Tremblay L, Schultz W
Institute of Physiology and Program in Neuroscience, University of Fribourg, CH-1700 Fribourg, Switzerland.
J Neurophysiol. 2000 Apr;83(4):1877-85. doi: 10.1152/jn.2000.83.4.1877.
This study investigated how neuronal activity in orbitofrontal cortex related to the expectation of reward changed while monkeys repeatedly learned to associate new instruction pictures with known behavioral reactions and reinforcers. In a delayed go-nogo task with several trial types, an initial picture instructed the animal to execute or withhold a reaching movement and to expect a liquid reward or a conditioned auditory reinforcer. When novel instruction pictures were presented, animals learned according to a trial-and-error strategy. After experience with a large number of novel pictures, learning occurred in a few trials, and correct performance usually exceeded 70% in the first 60-90 trials. About 150 task-related neurons in orbitofrontal cortex were studied in both familiar and learning conditions and showed two major forms of changes during learning. Quantitative changes of responses to the initial instruction were seen as appearance of new responses, increase of existing responses, or decrease or complete disappearance of responses. The changes usually outlasted initial learning trials and persisted during subsequent consolidation. They often modified the trial selectivities of activations. Increases might reflect the increased attention during learning and induce neuronal changes underlying the behavioral adaptations. Decreases might be related to the unreliable reward-predicting value of frequently changing learning instructions. The second form of changes reflected the adaptation of reward expectations during learning. In initial learning trials, animals reacted as if they expected liquid reward in every trial type, although only two of the three trial types were rewarded with liquid. In close correspondence, neuronal activations related to the expectation of reward occurred initially in every trial type. The behavioral indices for reward expectation and their neuronal correlates adapted in parallel during the course of learning and became restricted to rewarded trials. In conclusion, these data support the notion that neurons in orbitofrontal cortex code reward information in a flexible and adaptive manner during behavioral changes after novel stimuli.
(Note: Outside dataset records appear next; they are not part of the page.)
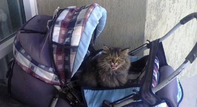 Кот запрыгнул в коляску к младенцу и уснул на его лице. 5692.com.ua »
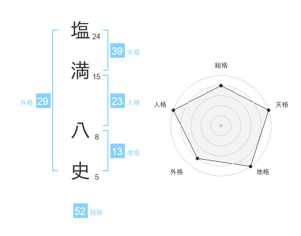 塩満 八史さんの総格は52画の4点!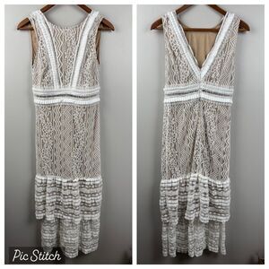 Lulus Dress Off White Floral Lace SMALL Maxi Long Tiered Ruffle Wedding Formal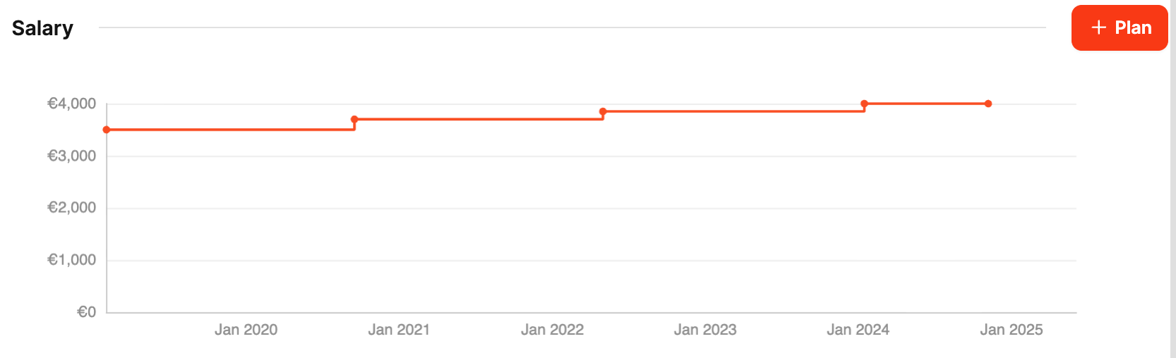 Planning: With the “Plan” button, you can set up a future adjustment with start date and new amount.

本研究调查了在猴子反复学习将新的指令图片与已知行为反应及强化物建立联系的过程中,眶额皮质中与奖励预期相关的神经元活动是如何变化的。在一个具有多种试验类型的延迟停止-继续任务中,初始图片指示动物执行或抑制伸手动作,并预期获得液体奖励或条件性听觉强化物。当呈现新的指令图片时,动物根据试错策略进行学习。在经历大量新图片后,只需经过几次试验就能完成学习,在前60 - 90次试验中正确表现通常超过70%。在熟悉和学习两种条件下,对眶额皮质中约150个与任务相关的神经元进行了研究,结果显示在学习过程中出现了两种主要的变化形式。对初始指令反应的定量变化表现为新反应的出现、现有反应的增加、反应的减少或完全消失。这些变化通常在初始学习试验之后仍然持续,并在随后的巩固过程中持续存在。它们常常改变激活的试验选择性。反应增加可能反映了学习过程中注意力的增强,并引发行为适应背后的神经元变化。反应减少可能与频繁变化的学习指令中奖励预测价值的不可靠性有关。第二种变化形式反映了学习过程中奖励预期的适应性变化。在初始学习试验中,动物的反应就好像它们预期在每种试验类型中都能获得液体奖励,尽管三种试验类型中只有两种会给予液体奖励。与之密切对应,与奖励预期相关的神经元激活最初出现在每种试验类型中。在学习过程中,奖励预期的行为指标及其神经元相关指标并行适应,并逐渐局限于有奖励的试验中。总之,这些数据支持了这样一种观点,即在新刺激后的行为变化过程中,眶额皮质中的神经元以灵活且适应性的方式编码奖励信息。